> [INSTRUCTIONS TO FOLLOW]: This calls for a word-for-word copy of all the data, with each picture removed.

> [DATA PROVIDED]:
★ ★ ★ ★ ★ ★ ★
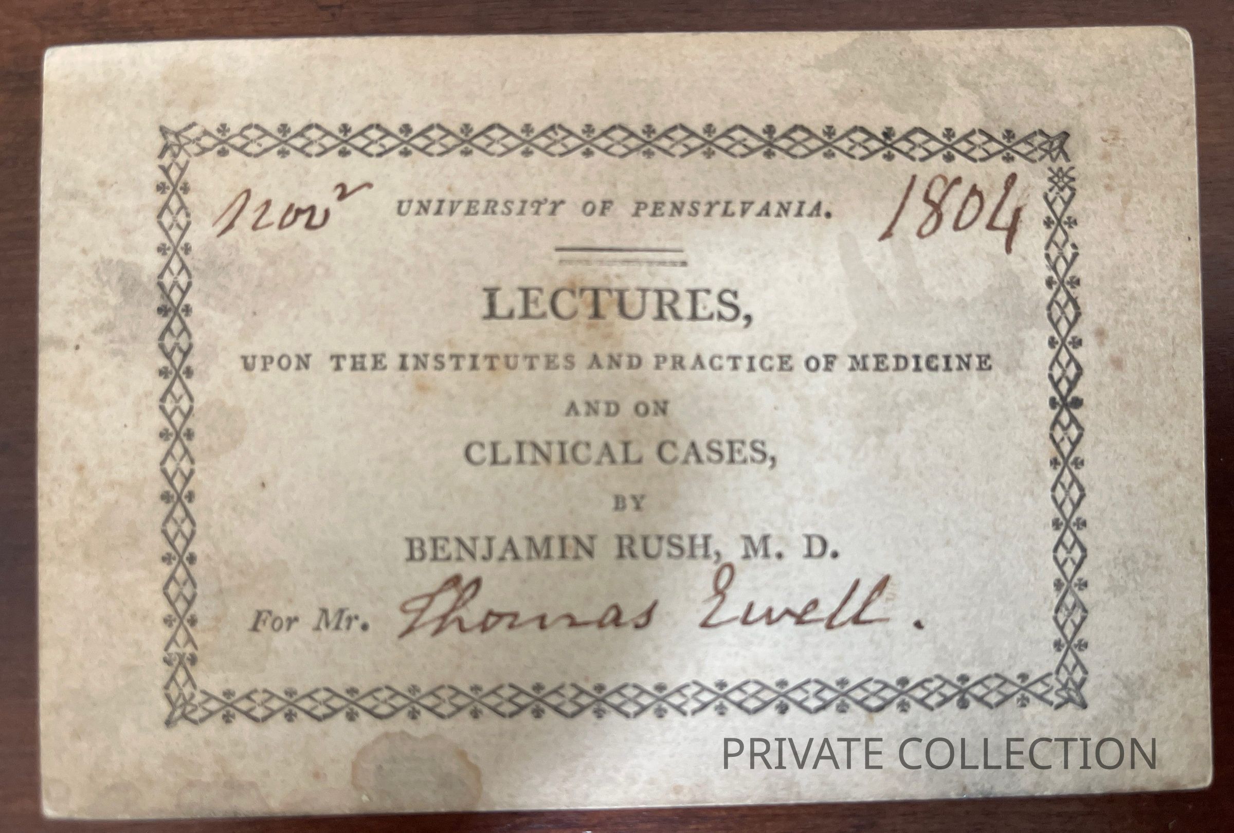 RARE LECTURE TICKET FOR BENJAMIN RUSH LECTURE UPON THE INSTITUTES AND PRACTICE OF MEDICINE AND ON CLINICAL CASES
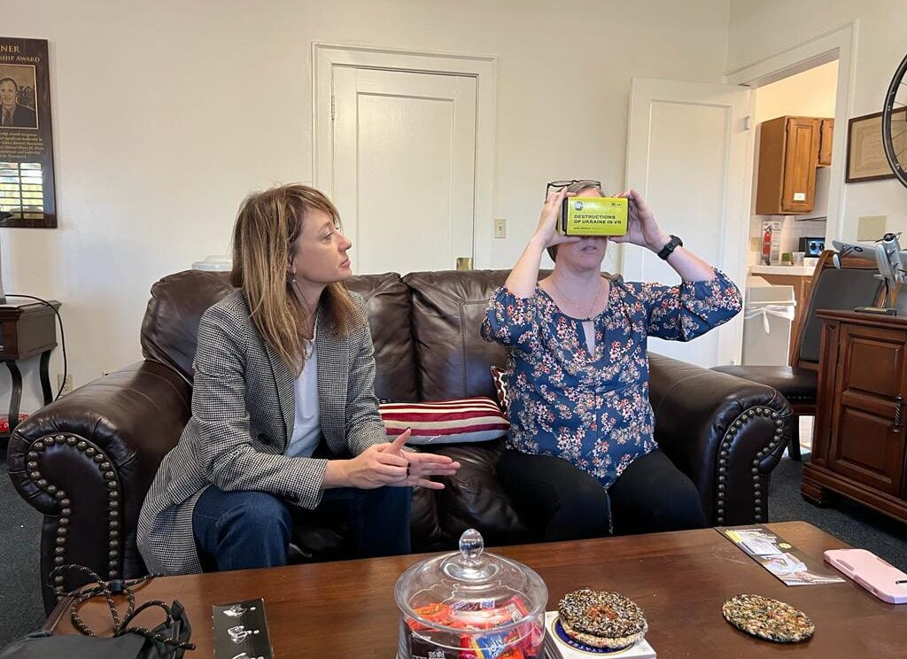 Ми розказали про проект та його учасників, як він зародився, в яких умовах створювався та в яких містах уже проходили імерсивні виставки. Також за допомогою 3D турів ми показали, масштаб російських злочинів в Україні і залишили університету кардборд «Війна впритул» в подарунок. Щоб іще більше людей могли побачити, якою війна є насправді для мільйонів українців.
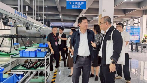 ในโอกาสนี้ คณะผู้แทนยังได้เข้าเยี่ยมชมศูนย์โดรนของ Guangxi City Vocational University เพื่อศึกษาศักยภาพด้านการออกแบบและการผลิตอากาศยานไร้คนขับ อันเป็นการวางรากฐานความร่วมมือในการถ่ายทอดเทคโนโลยีและการพัฒนาหลักสูตรร่วมกันในอนาคต
★ ★ ★ ★ ★ ★ ★
> [EXERCISE RESULT]:
 RARE LECTURE TICKET FOR BENJAMIN RUSH LECTURE UPON THE INSTITUTES AND PRACTICE OF MEDICINE AND ON CLINICAL CASES
 Ми розказали про проект та його учасників, як він зародився, в яких умовах створювався та в яких містах уже проходили імерсивні виставки. Також за допомогою 3D турів ми показали, масштаб російських злочинів в Україні і залишили університету кардборд «Війна впритул» в подарунок. Щоб іще більше людей могли побачити, якою війна є насправді для мільйонів українців.
 ในโอกาสนี้ คณะผู้แทนยังได้เข้าเยี่ยมชมศูนย์โดรนของ Guangxi City Vocational University เพื่อศึกษาศักยภาพด้านการออกแบบและการผลิตอากาศยานไร้คนขับ อันเป็นการวางรากฐานความร่วมมือในการถ่ายทอดเทคโนโลยีและการพัฒนาหลักสูตรร่วมกันในอนาคต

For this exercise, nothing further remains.